Terraform RabbitMQ Autocluster

At mytaxi we are handling a lot of MQTT traffic back and forth with the taxi driver app. Thousands of connections must be kept for all online drivers. The system behind that has to be fast and reliable otherwise customers might not be able to book a taxi. Our former RabbitMQ setup was running on Amazon Linux. While planning a RabbitMQ update we found, that Amazon Linux only provides Erlang R14B04 in their repositories. So Amazon Linux was a dead end. We then turned to Docker and slightly modified the alpine-rabbitmq-autocluster image for our needs. Together with an AWS Autoscaling Group we created a setup that is easy to provision and scale.

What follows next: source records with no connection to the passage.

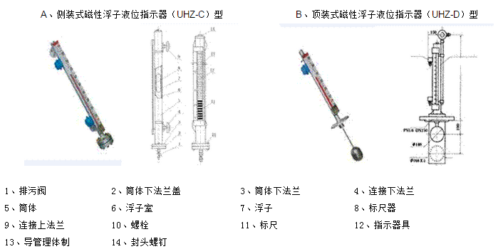 磁性浮子液位计材质 :| 产品名称 | 测装式指示器 | 顶装式指示器 |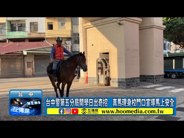 影/台中警第五分局開學日出奇招 真馬現身校門口宣導馬上安全
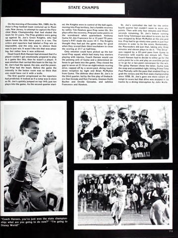 On the m orning o f D ecem ber 9th, 1989, the St. P eter’s Prep footb all team ventured up to Montvale, N ew J ersey, to attem pt to capture the Paro chial S tate Cham pionship that had eluded the team for 31 years. T h e Prep gridders w ere going up against St. J o e ’s Green K nights, w ho had taken hom e the title three yea rs in a row . The critics and reporters had labeled a Prep win as im possible, and the on ly w ay to silence them was to just win. it w asn ’t the win that w as am az ing, but rather how it w as achieved. Head C oach Rich Hansen had stressed that if a player couldn’t g e t em otion a lly prepared to play in a g am e like this, then he w asn’t a player. It w as em otion that carried this team to the top, for St. J o e ’ s had the speed, the size, and the power, but Prep had the heart. B efore the g a m e the intensity in the lock er room w as so thick that one could have cut it w ith a knife. T h e first quarter progressed a s the reporters had predicted. It look ed as if a rom p w as in store as St. J o e ’s quickly ju m ped on top 14-0, just ten plays into the gam e. A s the second quarter start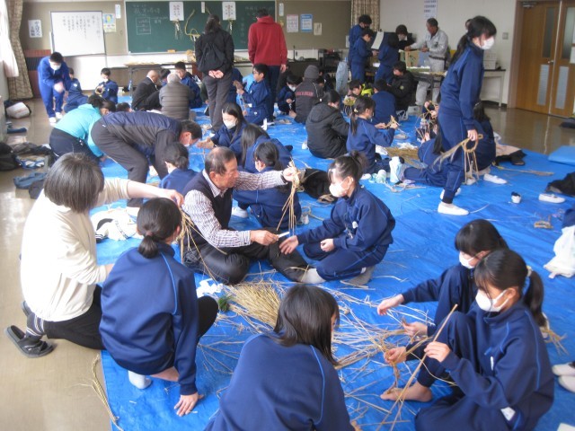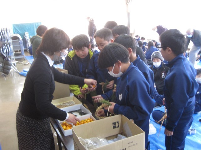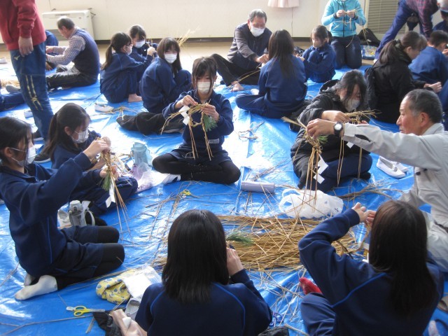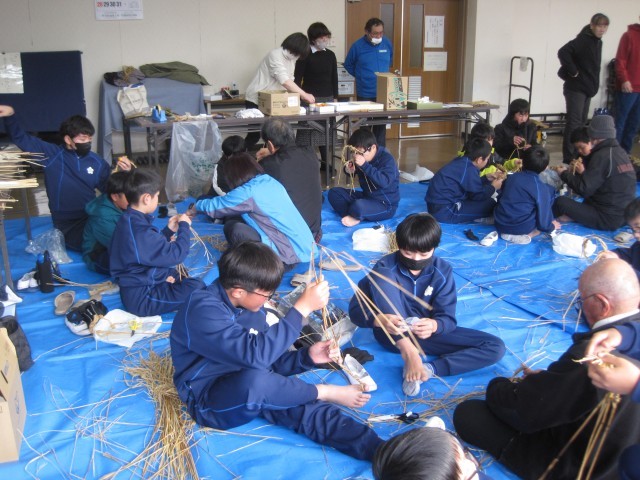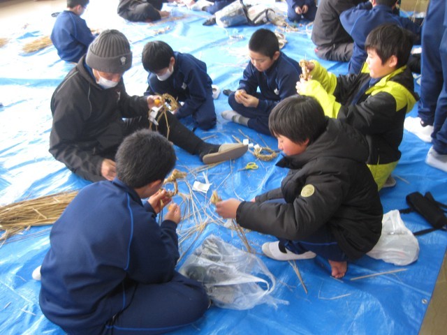 地域のみなさんに教わりながらしめ縄作りを行いました。初めての体験に苦労しながらも、何とかしめ飾りを完成させていました。教えていただいた皆様ありがとうございました。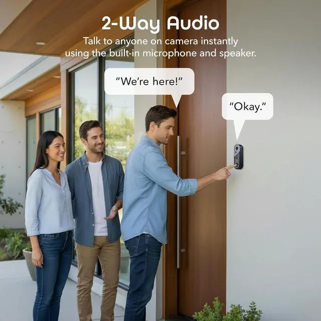 • Plug-in Chime Included: Never miss a visitor with the included AC-powered chime that plugs into any standard outlet, providing an audible alert inside your home in addition to instant smartphone notifications.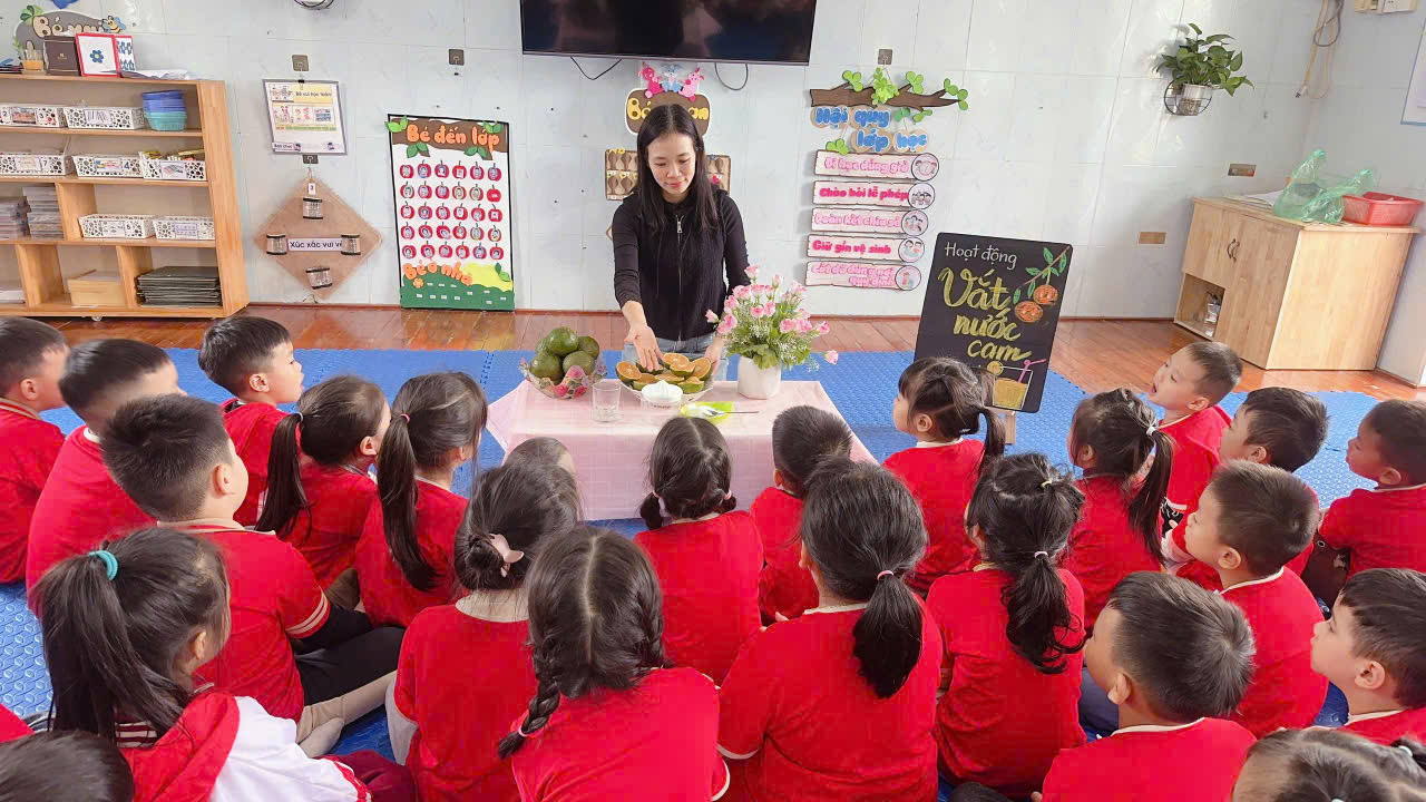 Dưới sự hướng dẫn của cô giáo, trước khi tiến hành hoạt động học các bé đã rửa đôi tay nhỏ xinh bằng xà phòng. Sau bài tập khởi động các bé được quan sát, kể tên các nguyên liệu để vắt, pha nước cam. Lợi ích của uống nước cam với cơ thể như biết nước cam chứa nhiều Vitamin C giúp cơ thể khỏe mạnh, tăng sức đề kháng. Sau khi được cô hướng dẫn và 1 bạn lên thực hành mẫu các bé đã vắt nước cam bằng dụng cụ an toàn dành riêng cho trẻ nhỏ.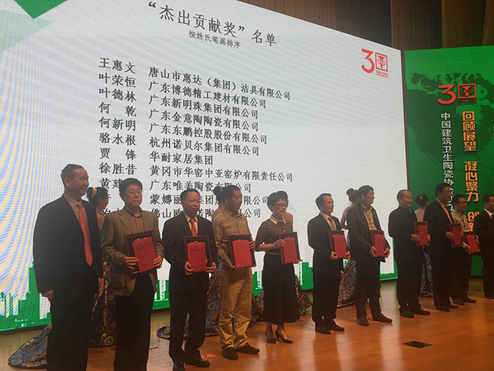 2016年10月12日,以“开拓创新,阔步奋世”为主题的中国建筑卫生陶瓷协会创立30周年庆典暨七届三次理事会议在淄博举行,作为陶卫行业权威行业协会之一,中国建筑卫生陶瓷协会全面回顾总结了协会和行业30年主要工作,为三十年来作杰出贡献的先进个人及企业进行表彰,广东香蕉视频黄版精工建材有限公司董事长兼总经理叶荣恒荣获“杰出贡献奖”。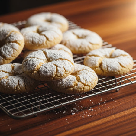 Cookies sprinkled with powdered sugar on a cooling rack on a wooden table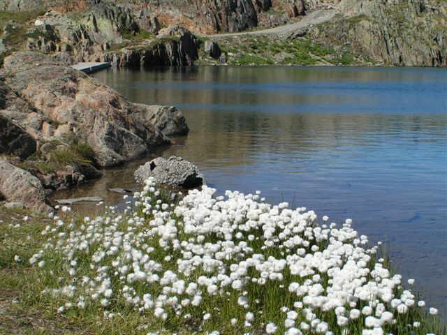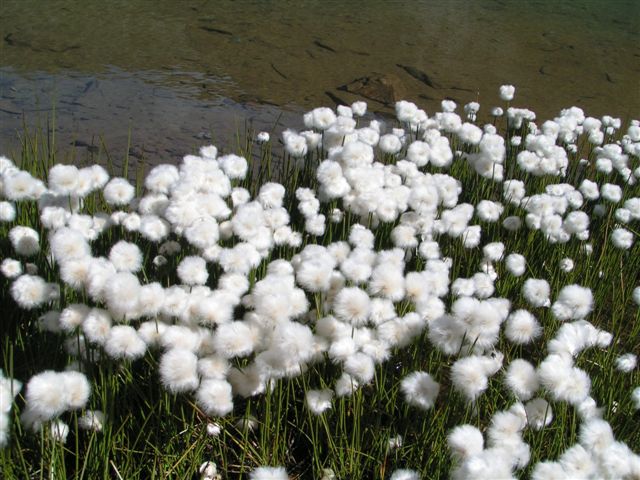 C'est la plante en fruit qui attire l'attention, plus exactement un groupement qui interpelle le promeneur et signale le lac ou la zone humide d'altitude . C'est un ensemble de plumets blancs, groupés en boules assez fournies sujettes à une agitation sporadique sous l'effet de quelque brise. Les tiges lisses et rondes s'habillent seulement de quelques feuilles engainantes.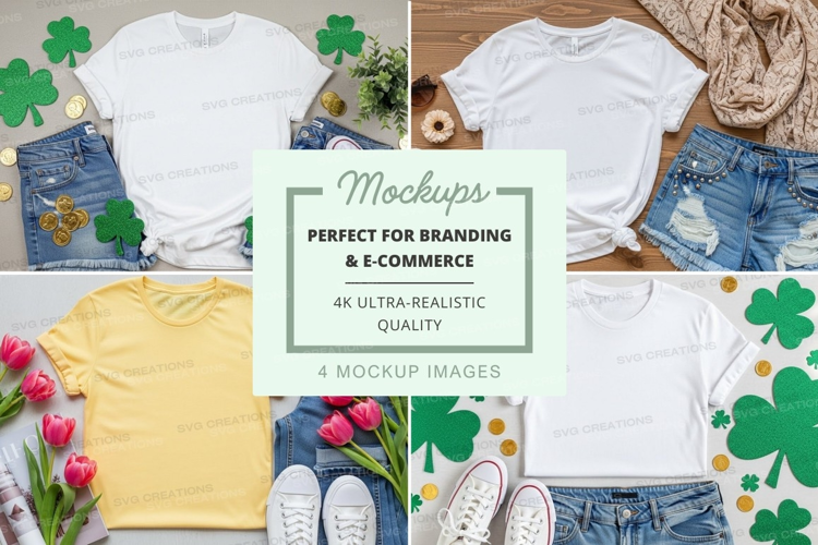 Fashion Mockup Outfit Sneakers St Patrick's Day Gold Coins Shamrocks White T-shirt Denim Shorts Yellow T-shirt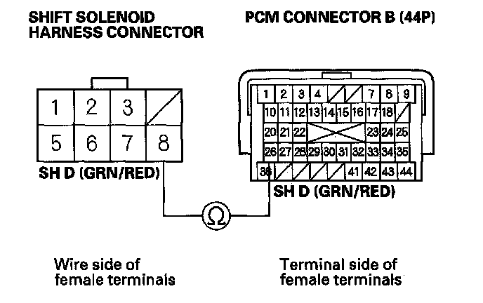 12. Check for continuity between PCM connector terminal B26 and shift solenoid harness connector terminal No. 8.

This post will describe how to launch a RabbitMQ Cluster in AWS with the help of Terraform and the RabbitMQ Autocluster Plugin. The cluster only provides MQTT access, but can easily be modified for AMQP. It runs RabbitMQ 3.6.9 on Erlang OTP 19.1 in an Alpine Linux 3.5 container.

Check out the repository to get started.

RabbitMQ

Docker

The docker folder contains all necessary assets for the RabbitMQ Autocluster container. The Autocluster and AWS plugin are directly placed in the docker/plugins folder.

The config enables the following plugins:

AWS
Autocluster
Management
MQTT

Instance Userdata

The userdata script is a piece of bash that AWS runs during initial instance startup. It runs as root, so we have the opportunity to install Docker and launch the container. If you work in another AWS region than eu-west-1, be sure to change the region specific settings in the userdata file.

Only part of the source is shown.